Published online by Cambridge University Press: 20 February 2024
In 2019, the municipal council of the island of Muharraq in Bahrain considered a petition to recognize a neighbourhood of a town called Dayr by its historic local name, an Arabic phrase meaning “Neighbourhood of the Monk.” “Dayr” itself is the Arabic word for monastery, and together the two names recall flourishing Christian communities along the shores of the Persian Gulf, one centred around monasteries and individual holy men often believed to have miraculous powers. These Christians lived in a multi-religious Gulf too little known today, such that when in 2021 Jewish communities of the six Arab Gulf states established the Beth Din of Arabia as a new religious court for civil disputes over personal status issues, inheritance law, and kosher certification, news outlets called it the region’s first communal organization, even though it might also have been cast as a rebirth of a once thriving Jewish religious life in the region.
The existence of Christian, Jewish, and Zoroastrian communities in the medieval Persian Gulf is too often obscured even in scholarly overviews of the region’s history, which still often focus on a narrative of Islam sweeping quickly across the peninsula and beyond, even though for other regions of the Middle East the fact that it was centuries before Islam became the majority religion has long been recognized. One problem has been that the most complete sources, those in Arabic, exist only from the 800s and later, while the Gulf sources from earlier times are more restricted in scope and often treated only by their own specialists.
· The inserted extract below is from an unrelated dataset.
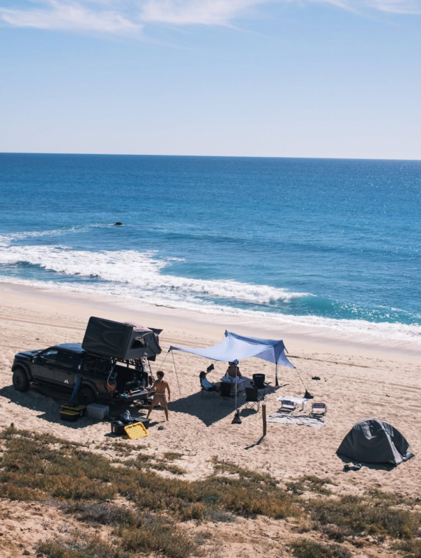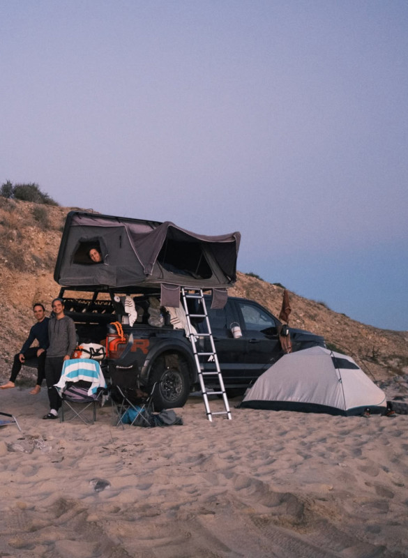 Puissant et conçu pour l’aventure, ce Ford Lobo Raptor 4x4 est un pick-up robuste parfaitement adapté aux voyages sur route comme sur piste. Sa transmission 4×4 automatique et sa conception orientée tout-terrain permettent d’aborder les terrains variés avec confiance, tout en offrant un bon niveau de confort pour les longs trajets. La cabine peut accueillir jusqu’à 5 personnes, tandis que l’installation de bivouac comprend une tente de toit avec matelas (135×190 cm) permettant de dormir à deux. Des tentes supplémentaires au sol peuvent être ajoutées pour accueillir d’autres voyageurs lors des étapes. Le véhicule est équipé pour partir en autonomie avec housse et drap pour le matelas, deux oreillers, auvent pour créer un espace d’ombre, tapis de plage pour deux personnes, glacière rigide, douche de 26 L, bande LED pour l’éclairage, pelle et kit de premiers secours. Pour plus de sécurité et de tranquillité sur les pistes, il dispose également d’un kit d’assistance routière (compresseur, câbles de démarrage, manomètre, etc.) ainsi que d’un kit de récupération comprenant plaques de désensablement, corde et manilles. Un véhicule idéal pour les voyageurs qui recherchent puissance, capacité tout-terrain et confort lors de leurs explorations.

Taken together, however, they reveal a tapestry of people seeking their way amidst life’s trials in a multi-confessional religious culture of both conflict and coexistence.
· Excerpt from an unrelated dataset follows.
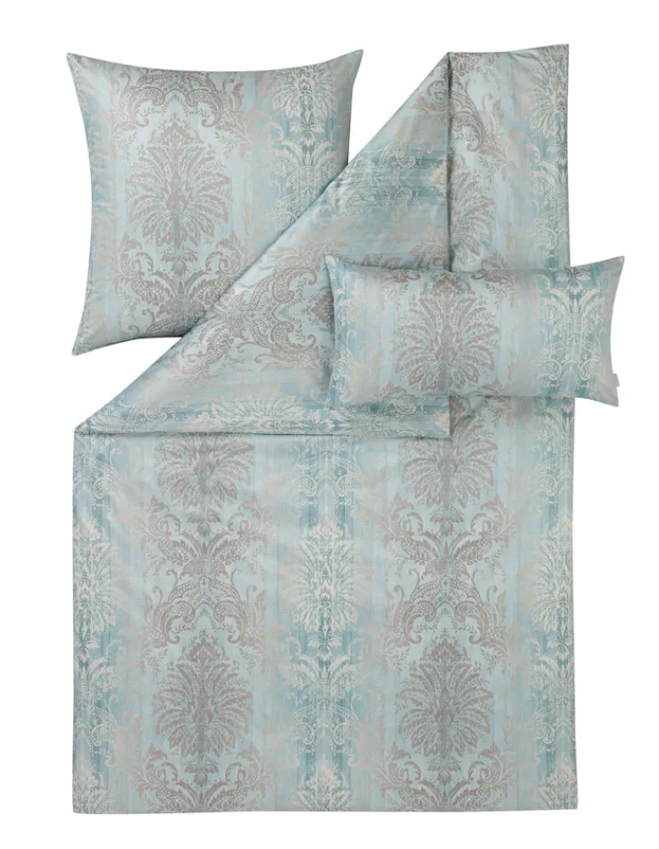 Das für die Herstellung der ESTELLA Jersey-Bettwäsche ATELIER verwendete Interlock-Jersey besteht aus 100 % reiner Baumwolle und ist nach den Prüfkriterien des Ökotex Standard 100 zertifiziert. Sowohl der 155 x 220 cm große Bettbezug als auch der 80 x 80 cm große Kissenbezug verfügen bei diesem hochwertig verarbeiteten 2er-Set über einen integrierten Reißverschluss. Für angenehme Frische im Schlafzimmer kann diese Bettwäsche jederzeit bei bis zu 60 Grad Celsius gewaschen werden. Die ESTELLA Jersey-Bettwäsche ATELIER ist in der Grundfarbe Blau gestaltet und mit einem barocken Printmuster verziert.

Religious Communities of the Sasanian Era
Prior to the rise of Islam, the dominant Persian Gulf power was the Sasanian Empire, which ruled Iran and Mesopotamia since the third century. The religion which formed the ideological basis of Sasanian rule was Zoroastrianism, though exactly what that consisted of during the period is uncertain, as our most systematic accounts are from ninth and tenth-century digests of Sasanian-era Zoroastrian texts. Called by its adherents simply the “Good Religion,” Zoroastrianism was grounded in a collection of texts collectively called the Avesta, which refer to the teachings of an ancient figure named Zarathushtra, or Zoroaster to the Greeks.